Read The Left Behind Collection: All 12 Books Online
Authors: Tim Lahaye,Jerry B. Jenkins
Tags: #Christian, #Fiction, #Futuristic, #Retail, #Suspense
“Will you go with me?”
“I’d rather not. But if you want me to . . .”
“You can wait in the car.”
“It’s not that. I’m not afraid of meeting someone I disagree with.”
“We’ll go over there tomorrow,” Rayford said, disappointed in her reaction but no less determined to follow through, for her sake as much as his. If he was right, he did not want to fail his own daughter.
CHAPTER
10
Cameron Williams convinced himself he should not call his and Dirk Burton’s mutual friend at Scotland Yard before leaving New York. With communications as difficult as they had been for days and after the strange conversation with Dirk’s supervisor, Buck didn’t want to risk someone listening in. The last thing he wanted was to compromise his Scotland Yard contact’s integrity.

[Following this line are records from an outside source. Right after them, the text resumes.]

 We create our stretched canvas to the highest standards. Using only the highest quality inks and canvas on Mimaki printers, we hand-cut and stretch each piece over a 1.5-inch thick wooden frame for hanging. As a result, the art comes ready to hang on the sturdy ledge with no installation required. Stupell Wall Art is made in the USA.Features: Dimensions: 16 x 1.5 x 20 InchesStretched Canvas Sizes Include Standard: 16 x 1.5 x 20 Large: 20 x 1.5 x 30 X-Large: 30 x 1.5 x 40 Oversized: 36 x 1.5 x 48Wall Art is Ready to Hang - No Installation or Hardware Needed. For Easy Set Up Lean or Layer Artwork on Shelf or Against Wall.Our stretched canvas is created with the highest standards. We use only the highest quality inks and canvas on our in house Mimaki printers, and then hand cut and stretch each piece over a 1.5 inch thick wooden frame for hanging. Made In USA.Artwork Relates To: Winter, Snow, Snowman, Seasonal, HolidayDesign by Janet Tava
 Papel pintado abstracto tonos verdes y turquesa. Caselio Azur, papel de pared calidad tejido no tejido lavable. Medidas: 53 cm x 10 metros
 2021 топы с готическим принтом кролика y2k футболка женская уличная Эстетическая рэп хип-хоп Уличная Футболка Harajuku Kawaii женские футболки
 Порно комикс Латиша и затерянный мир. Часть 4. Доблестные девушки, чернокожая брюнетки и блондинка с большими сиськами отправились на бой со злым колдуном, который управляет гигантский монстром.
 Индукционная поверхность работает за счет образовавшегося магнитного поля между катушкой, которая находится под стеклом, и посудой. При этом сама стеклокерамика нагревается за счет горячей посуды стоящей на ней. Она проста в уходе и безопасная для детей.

Buck took both his real and his phony passport and visa—a customary safety precaution—caught a late flight to London out of La Guardia Friday night, and arrived at Heathrow Saturday morning. He checked into the Tavistock Hotel and slept until midafternoon. Then he set out to find the truth about Dirk’s death.
He started by calling Scotland Yard and asking for his friend Alan Tompkins, a mid-level operative. They were almost the same age, and Tompkins was a thin, dark-haired, and slightly rumpled investigator Buck had interviewed for a story on British terrorism.
They had taken to each other and even enjoyed an evening at a pub with Dirk. Dirk, Alan, and Buck had become pals, and whenever Buck visited, the three got together. Now, by phone, he tried to communicate to Tompkins in such a way that Alan would catch on quickly and not give away that they were friends—in case the line was tapped.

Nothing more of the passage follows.